The Soup Kitchen downtown has been open for years, although it’s received support from different charities and agencies (most recently it’s been attached to CUPS and The Mustard Seed). But it’s always invariably dropped within six months. Despite this, the door never closes and it never has any trouble holding onto volunteers or its location. Go to the soup kitchen on a Tuesday afternoon and get a cup of soup. The broth will be cheap with hard water and lumps of powdered stock, but drink it anyways. You’ll need the protein.
After drinking the broth, leave the soup kitchen and walk down the alley next to it. After a moment’s searching, you should locate a milk crate that should give you enough of a boost to reach the fire escape on the building that houses the soup kitchen. Climb the ladder and then walk to the top of the fire escape. Regardless of the weather, the top floor window will be open. Climb inside, but leave behind anything that might be construed as a weapon. The volunteers are jumpy.

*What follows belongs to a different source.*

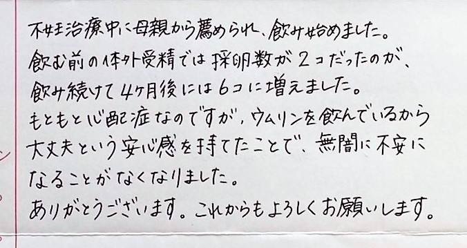 母親から薦められ、飲み始めました。もともと心配症なのですが、ウムリンを飲んでいるから大丈夫という安心感を持てたことで、無闇に不安になることがなくなりました。ありがとうございます。これからもよろしくお願いします。

The top floor will be a recreation, almost down to the last detail, of the soup kitchen itself. The most important differences will be that the volunteers behind the counter have their mouths stitched shut and that the patrons are noticeably better dressed than the homeless and impoverished on the ground floor. The soup they ladle out here is a broth made from the tears of a captive angel lashed to the wall in the building’s basement seventy years ago over the protestations of William Aberhart. Drinking it will grant you youth until the end of your days, but the gates of heaven will forever be closed to you.